*WHAT THE EXERCISE ASKS*
Although the listing below holds pictures, reproduce only its lines from the one containing "Theme: Skull with" through the last, exactly and without them.

*SUPPLIED MATERIAL*

+++++

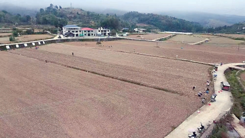 贵州省铜仁市石阡县聚凤乡廖家屯村的种植户们,在大豆收获后的田块上种植大蒜
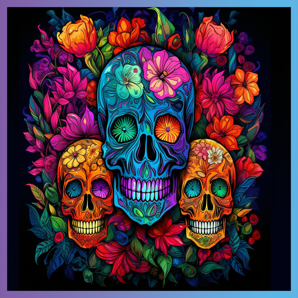 Theme: Skull with flowers, colorful, ornate, decorative.
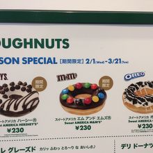甘いものが食べたくなり、オヤツタイムにクリスピークリームドーナツへ。コーヒー、ラテ、紅茶いずれかのドリンクとドーナツで50円引きになりお得です。頼んだ後にポスターを見ると期間限定でハーシーズ、m&m オレオとコラボした珍しいドーナツがある事が分かりました。それにすればよかった(泣) つぎチャレンジします。

+++++

*YOUR SOLUTION*
 Theme: Skull with flowers, colorful, ornate, decorative.
甘いものが食べたくなり、オヤツタイムにクリスピークリームドーナツへ。コーヒー、ラテ、紅茶いずれかのドリンクとドーナツで50円引きになりお得です。頼んだ後にポスターを見ると期間限定でハーシーズ、m&m オレオとコラボした珍しいドーナツがある事が分かりました。それにすればよかった(泣) つぎチャレンジします。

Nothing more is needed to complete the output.